In the second reinvention of the Web, the Web offered services that were not part of the mainline business of a university or company. UPS for example, now offers a variety of secure e-mail delivery services. These are services that did not exist before the Web and could not reasonably exist without it—or something like it. How should universities participate in this second reinvention of the Web? That will be left for you to ponder, but universities must be part of this new wave.
Some Evolutionary Signs
We will not make the leap to the Web of the future in one giant step. There are already evolutionary signs of what is to come, if we are able to read them correctly. But we should be careful. Some of the most wonderful developments are actually dinosaurs that will not in fact make it to the future.
One evolutionary sign is a phone by BellSouth. This is a regular cordless phone, but when it is moved too far away from its base station it becomes a cellular phone. In the future, all intelligent devices will be wireless but will choose the most economical way to be so, just like this phone. The Seiko Message Watch has its own phone number and Internet Protocol (IP) address and can monitor news, sports, weather, stocks, or whatever you'd like. It is a tiny, wireless, low-powered, specialized, intelligent device that takes care of itself—all characteristics of the devices we will use in the future.
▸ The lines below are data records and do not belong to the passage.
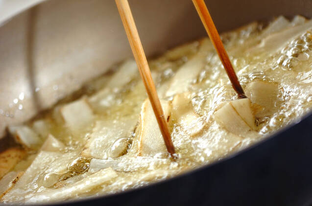 (1)のゴボウの水気をきれいなタオルでしっかり拭き取り、(2)の揚げ油に入れ、時々菜ばしで混ぜながら、サクッと揚げる。揚げ油をしっかりきり、器に盛って塩をかける。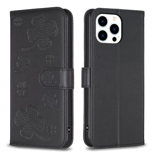 Pour iPhone 15 Pro Max Étui de téléphone en cuir gaufré à quatre feuilles (noir)
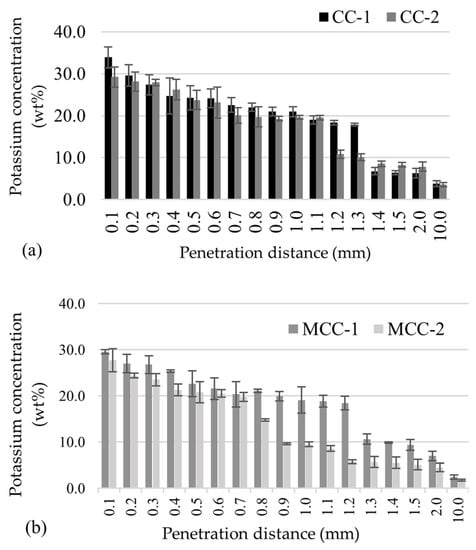 Potassium distribution in the surface layer of castable: (a)—CC; (b)—MCC.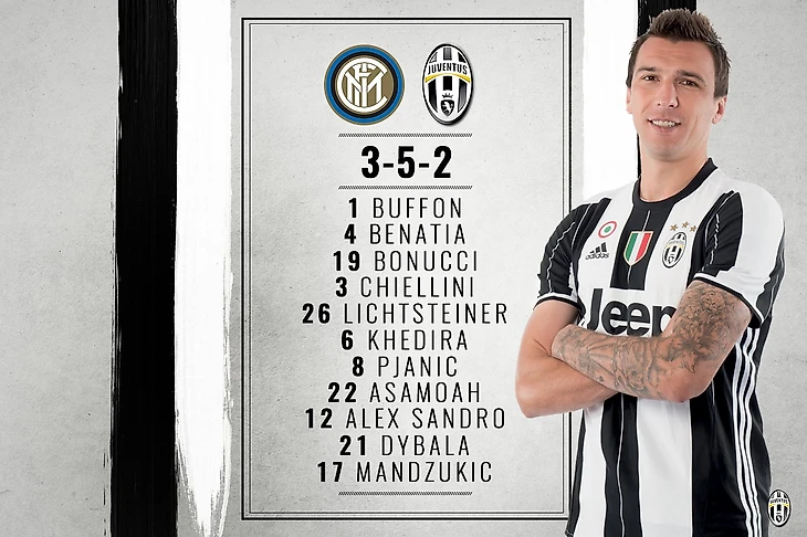 Также с первых минут появился Меди Бенатиа, предоставив возможность отдыха Андреа Барцальи и Марио Манджукич, отсутствие которого в среду многие посчитали главным просчетом Аллегри. Появился с первых минут и ранее анонсированный Штефан Лихтштайнер, который, поговаривают, был в шаге от перехода как раз в стан сегодняшнего соперника «Ювентуса», освежил Аллегри и другой фланг в лице Алекса Сандро. «Бьянконери» не отказались от привычной 3-5-2, однако Макс в предматчевом интервью также намекнул на возможные тактические изменения уже в самое ближайшее время.

The Cross Pad, from A. T. Cross Company, uses as its input device a pad on which you place a piece of paper. You write on the piece of paper, and the pad converts your writing to digital ink or attempts handwriting recognition. Like devices of the future, this is a specialized intelligent device that uses something you use every day (a piece of paper) as its input device. Unfortunately, you need the pad to interpret what you write. A similar device in the design stage at Carnegie Mellon University eliminates the pad. In fact it lets you draw 3-D objects in the air.
The Toshiba Tecra 8000 laptop has everything you could wish for. It is fast. It has tons of memory. It has a scanner. It has a camera. Its screen measures more than 14 inches diagonally. Its battery lasts for seven hours. But it is a mature technology, and mature technologies, like dinosaurs, get replaced. Of course anyone would be happy to have this laptop today. Even though it is definitely a dinosaur, it is the very best dinosaur there is, and the critters that are evolutionarily superior to dinosaurs have yet to appear. But they soon will, and we need to prepare for their arrival.
In 1965 Gordon Moore suggested, in what's known as Moore's law, that the density of transistors on a chip would double every eighteen to twenty-four months. This implied that the cost per transistor should halve every eighteen to twenty-four months. For over three decades, Moore's law has proved remarkably accurate, but during that entire period many have predicted that the trend could not continue. They said that, in effect, Moore's law would be repealed when doubling the density of transistors on a chip became impossible.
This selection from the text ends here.